Domestic lighting manufacturer Barn Light Electric (BLE), based in Titusville, Fla., is celebrating 10 years of success as one of the leading manufacturers of vintage-style lighting.
Owners Bryan and Donna Scott took a leap of faith when they left their professional careers to launch BLE as a full-time business in 2008. The company now occupies more than 65,000 square feet of office and manufacturing space, employs 130 people, and offers more than 5,000 products. BLE has also been featured on CNN, CNBC, and HGTV as a business success story.
“We didn’t know what would happen.
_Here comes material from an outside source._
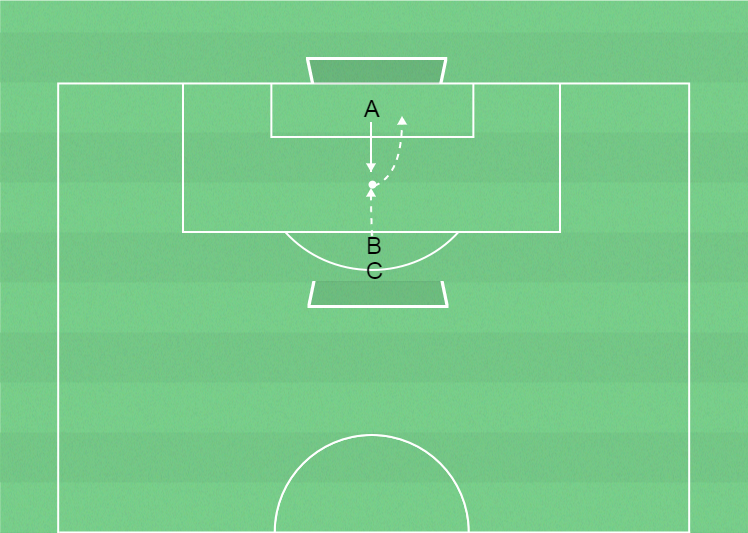 3 målvakter, 2 mål avstånd 10–15 m och 2 bollar.

We didn’t even know if we were going to be successful, but the business took off fast and furious,” Scott recalls. “Donna took a leave of absence from work intending to return but never did.”
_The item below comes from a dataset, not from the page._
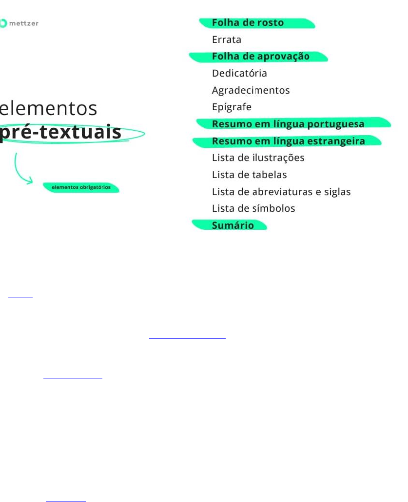 Normas ABNT: como fazer a formatação de trabalhos acadêmicos da maneira correta Capa A capa é o primeiro elemento obrigatório da estrutura de um trabalho acadêmico e serve para apresentar e identificar a pesquisa. Para te auxiliar, preparamos um modelo de capa, com toda formatação nas normas da ABNT. A ABNT NBR 14724 estabelece que é necessário que a capa compreenda nessa ordem: Nome da instituição de ensino Formatação: Alinhamento centralizado Fonte Times New Roman ou Arial Tamanho da letra 12 Letras maiúsculas e sem destaque As margens devem ser de 3 cm superior e esquerda e 2 cm inferior e direita. https://blog.mettzer.com/capa-abnt/ https://www.mettzer.com/modelo/capa https://blog.mettzer.com/nbr-14724/ https://blog.mettzer.com/margens-espacamento-normas-abnt/ Nome do curso Formatação: Alinhamento centralizado Fonte Times New Roman ou Arial Tamanho da letra 12 Letras maiúsculas e sem destaque As margens devem ser de 3 cm superior e esquerda e 2 cm inferior e direita. Nome do autor ou autora do trabalho Formatação: Alinhamento centralizado Fonte Times New Roman ou Arial Tamanho da letra 12 Letras maiúsculas e sem destaque As margens devem ser de 3 cm superior e esquerda e 2 cm inferior e direita. Título do trabalho O título do trabalho é fundamental para apresentar o tema do seu trabalho. Formatação: Alinhamento centralizado Fonte Times New Roman ou Arial Tamanho da letra 12 Letras maiúsculas e em negrito As margens devem ser de 3 cm superior e esquerda e 2 cm inferior e direita. Subtítulo Formatação: Alinhamento centralizado Fonte Times New Roman ou Arial Tamanho da letra 12 Letras maiúsculas e sem destaque As margens devem ser de 3 cm superior e esquerda e 2 cm inferior e direita. Número de volumes Formatação: Alinhamento centralizado Fonte Times New Roman ou Arial Tamanho da letra 12 Letras maiúsculas e sem destaque As margens devem ser de 3 cm superior e esquerda e 2 cm inferior e direita. Local da instituição de ensino Formatação: Alinhamento centralizado Fonte Times New Roman ou Arial Tamanho da letra 12 Letras maiúsculas e sem destaque As margens devem ser de 3 cm superior e esquerda e 2 cm inferior e direita. Data da entrega do trabalho Formatação: Alinhamento centralizado Fonte Times New Roman ou Arial Tamanho da letra 12 Letras maiúsculas e sem destaque As margens devem ser de 3 cm superior e esquerda e 2 cm inferior e direita. Folha de rosto A folha de rosto – ou contracapa, é um elemento pré-textual obrigatório. Ela deve vir logo em seguida à capa. Nome do autor ou da autora do trabalho Formatação: Alinhamento centralizado Fonte Times New Roman ou Arial Tamanho da letra 12 Letras maiúsculas e sem destaque Título do trabalho Formatação: Alinhamento centralizado https://blog.mettzer.com/folha-de-rosto/ Fonte Times New Roman ou Arial Tamanho da letra 12 Apenas as iniciais devem ser em letras maiúsculas Em negrito Caso tenha subtítulo, ele deve ser separado do título por dois pontos, em letras minúsculas e sem destaque. Natureza e objetivo do trabalho Formatação: De forma geral, exige-se alinhamento justificado Recuo da margem esquerda do parágrafo para a marca de 7,5 centímetros. Fonte Times New Roman ou Arial Tamanho da letra 12 Sem destaque Nome do orientador ou orientadora Formatação: Alinhamento justificado Fonte Times New Roman ou Arial Letras minúsculas, exceto nomes próprios Sem destaque Tamanho da letra 12 Cidade e data de entrega do trabalho Formatação: Alinhamento centralizado Fonte Times New Roman ou Arial Sem destaque Letras maiúsculas Tamanho da letra 12 Dedicatória A dedicatória é um item opcional na estrutura de um trabalho acadêmico. Formatação: O texto precisa estar recuado em 8 centímetros em relação à margem esquerda. O alinhamento deve ser justificado. Deve localizar-se próxima ao rodapé. A última linha da dedicatória deve ser a última linha possível da página. A dedicatória precisa ser curta. O recomendado é que não ultrapasse 5 linhas. Agradecimentos Os agradecimentos também são opcionais no trabalho acadêmico. https://blog.mettzer.com/dedicatoria-tcc/ https://blog.mettzer.com/agradecimentos-tcc-monografia-abnt/ Formatação: Os agradecimentos devem vir em seguida à dedicatória, em uma folha específica para isso. O título agradecimentos deve ser centralizado, em letras maiúsculas, com ou sem destaque. O texto seguinte deve ser em fonte Times ou Arial, tamanho 12, espaçamento entre linhas 1,5 e alinhamento justificado. Epígrafe A epígrafe é um pequeno texto, escrito em prosa ou em verso, em que são colocadas citações ou pensamentos que fazem sentido para o trabalho. Formatação: Fonte em tamanho 10 (Arial) ou 12 (Times New Roman). Espaçamento entre linhas 1,5 cm. Alinhamento justificado com 7,5 cm de recuo da margem esquerda. Citação em itálico. Nome do autor entre parênteses e alinhado à direita. A epígrafe fica no final da página e não deve ser indicado um título “epígrafe”. Resumo e abstract O resumo e o abstract são os cartões de visita da pesquisa do trabalho. Junto ao título, são responsáveis por despertar ou não o interesse do leitor em ler sua pesquisa. Formatação: O titulo do resumo deve respeitar ser em fonte Arial ou Times New Roman. O tamanho da fonte deve ser 12, todo em maiúsculo com negrito e o alinhamento do texto deve ser centralizado. https://blog.mettzer.com/epigrafe/ https://blog.mettzer.com/resumo-abstract-tcc/ Ao longo do texto, a fonte deve ser tamanho 12 e sem recuo na primeira linha do parágrafo. O espaçamento entre linhas deve ser simples. As palavras-chave devem ser separadas do texto por um espaço de 1,5 entre linhas e as palavras precisam ser separadas por um espaço e ponto e vírgula. O resumo e o abstract devem variar entre 100 e 500 palavras (dependendo do tipo de trabalho e de suas exigências específicas, 100 para artigos e 150 para TCC), todas em um único parágrafo, sem quebra do texto

Drawn to antique lights for their timeless designs and craftsmanship, the couple decided to manufacture their fixtures the old-fashioned way — by hand, using high-quality materials. They revived the art of metal spinning and introduced their own porcelain enamel operation in 2012. At the time, porcelain enamel lighting reportedly hadn’t been manufactured in the U.S. for more than 50 years.
An early hallmark of the industry, porcelain enamel was used as an extra layer of protection to keep these lights performing, even in industrial and agricultural settings. With the advent of cheaper materials and manufacturing techniques, most lighting fixtures lost this initial durability.
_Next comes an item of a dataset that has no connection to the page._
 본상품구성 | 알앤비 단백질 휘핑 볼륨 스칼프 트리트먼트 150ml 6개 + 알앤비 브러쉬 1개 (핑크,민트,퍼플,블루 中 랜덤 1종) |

Motivated by a desire to return to the original way of doing things, Bryan and Donna focused on the manufacturing process for their lighting fixtures. Flat pieces of commercial-grade metal are spun on a lathe and are carefully manipulated and sculpted until they assume the proper shape. To fully replicate the quality found in vintage lights, a collection of these handcrafted shades are coated in porcelain.
“This meticulous process ingrains a tangible sense of dependability and integrity directly into each light we produce,” Bryan says. “My goal was to keep these fixtures American-made and employ people for the local economy. Although it was suggested we could make more money by shifting manufacturing overseas, that wasn’t going to happen. I wanted to give people an opportunity to work right here and be proud of something made in the U.S.”